Ich freue mich auf Antworten...evtl. mit kurzem Code-Beispiel  

Viele Grüße 
Sascha


----------



## Ryu1991 (9. Mai 2008)

der ofstream hat einen Open-mod zum Binär-schreiben.
Der Unterschied zwischen Ascii und Binär liegt darin, dass binär nur 1en und 0en sind, exe-Dateien sind binär, so als beispiel. Eine Text hingegen verwendet die ASCII Zeichen, soweit ich es beurteilen kann, macht es keinen Sinn einen Text binär zu speichern ( Außer natürlich er ist teil einer Exe)


----------



## MCoder (9. Mai 2008)

EntonH hat gesagt.:


> was ist eigentlich der Unterschied zwischen Binär- und ASCII-Dateien?


Die einzelnen Bytes einer Binärdatei können jeden beliebigen Wert von 0 ... 255 annehmen, während ASCII-Dateien nur Buchstaben, Ziffern, Sonderzeichen und einige Steuerzeichen (Tabs, Zeilenvorschub) enthalten dürfen.

Bei Binärdateien werden üblicherweise die Speicherabbilder der im Programm verarbeiteten Daten in die Datei geschrieben. Bei einem double-Wert z.B. wären das also (unabhängig vom Zahlenwert) immer 8-Byte (nach ISO-Standard). Damit könnte man durchaus einiges an Platz sparen.

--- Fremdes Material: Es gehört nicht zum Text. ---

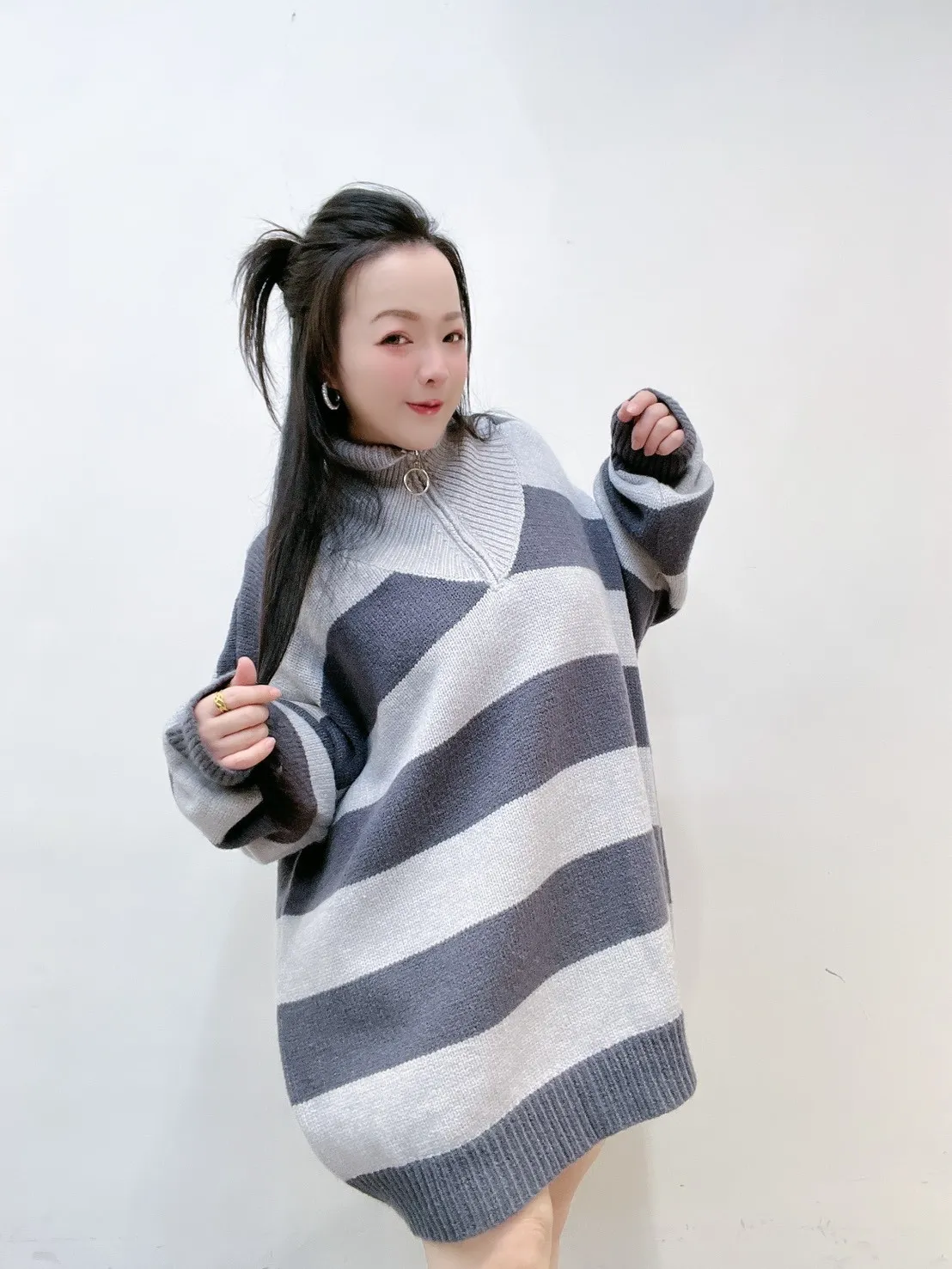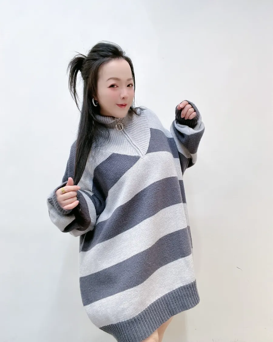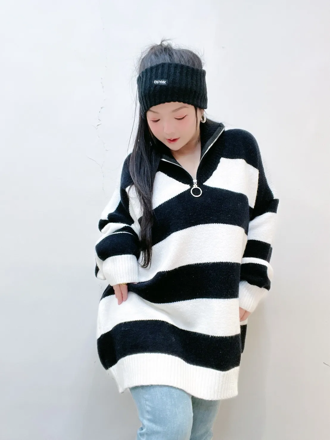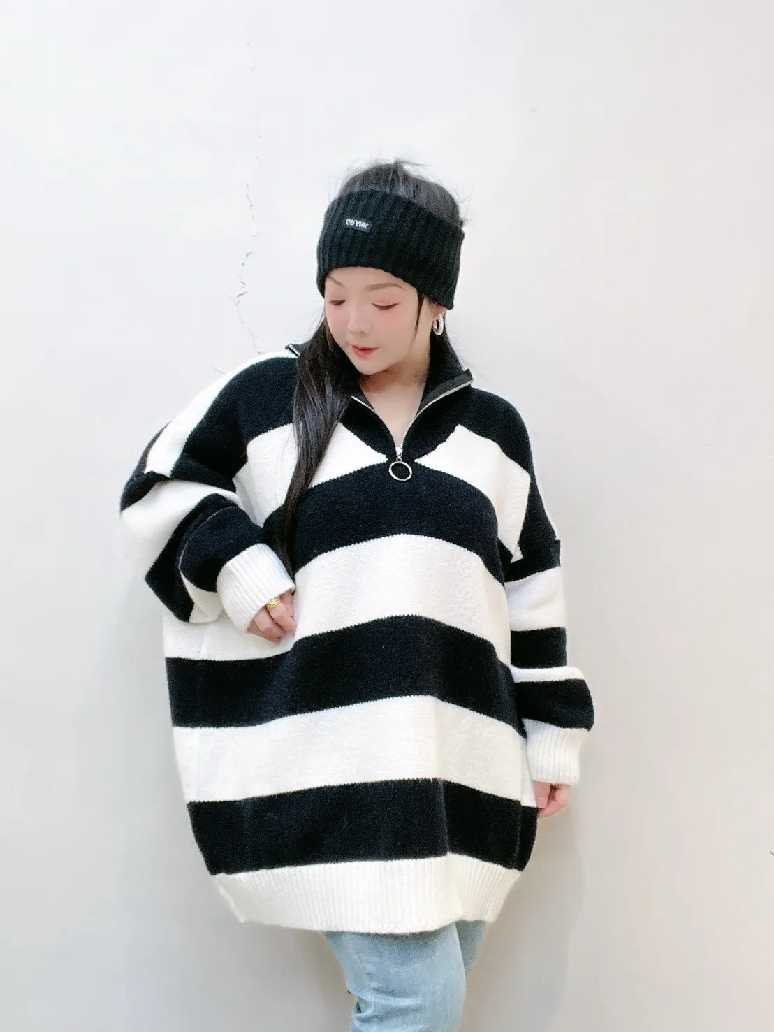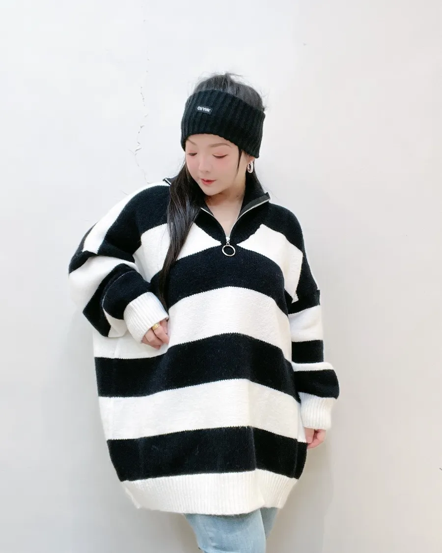 影片在這裡~寬條紋半拉鍊針織長版上衣
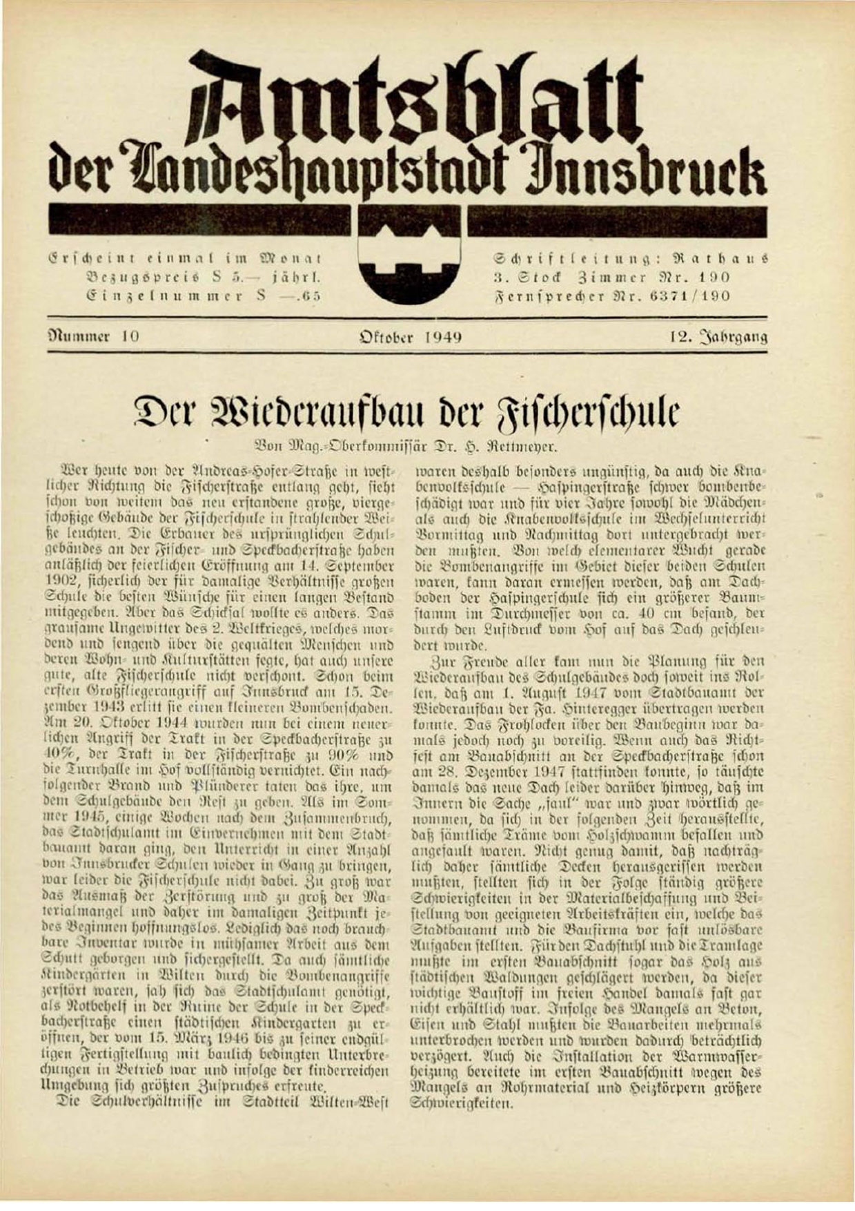 den Unterricht in einer Anzahl von Innsbrucker Schulen wieder in Gang zu bringen, war leider die Fischerschule nicht dabei. Zu groß war das Ausmaß der Zerstörung und zu groß der Materialmangel und daher im
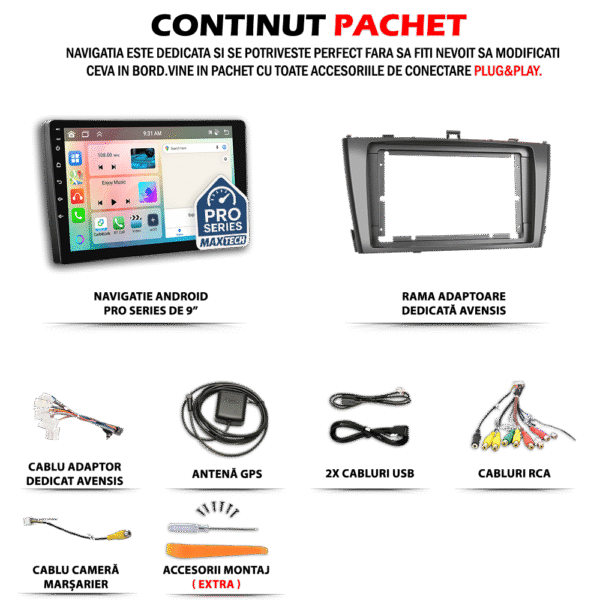 Navigatie Toyota Avensis T27 (2009-2015) dedicata, MaxTech® PRO SERIES, 4 GB Ram 64 GB Rom OctaCore, Carplay & Android auto, Ecran 9 ” HD Touch, GPS, Wifi, Bluetooth, Radio, USB, EQ, DSP, Waze

Eine Formatierung erfolgt in dem Sinne, das man natürlich die Länge und Abfolge der einzelnen Datenwerte festlegen muss, um dann auch wieder entsprechend einlesen zu können.

Wie ich deiner Frage entnehme, gibt es aber schon ein externes Programm, dass die Daten einlesen soll, wobei die Formatierung schon festgelegt scheint. Da Daten in Binärform in der Regel anders ausschauen, als in Textform, wäre eine Binärdatei wohl eher keine Option für dich.

Gruß
MCoder


----------



## EntonH (9. Mai 2008)

Im Prinzip wär ich dann doch auf die Angaben vom Hersteller des externen Programms angewiesen wie die Formatierung für eine binäre Dateiausgabe auszusehen hat, oder?


----------



## MCoder (9. Mai 2008)

EntonH hat gesagt.:


> Im Prinzip wär ich dann doch auf die Angaben vom Hersteller des externen Programms angewiesen wie die Formatierung für eine binäre Dateiausgabe auszusehen hat, oder?


Genauso ist es.


----------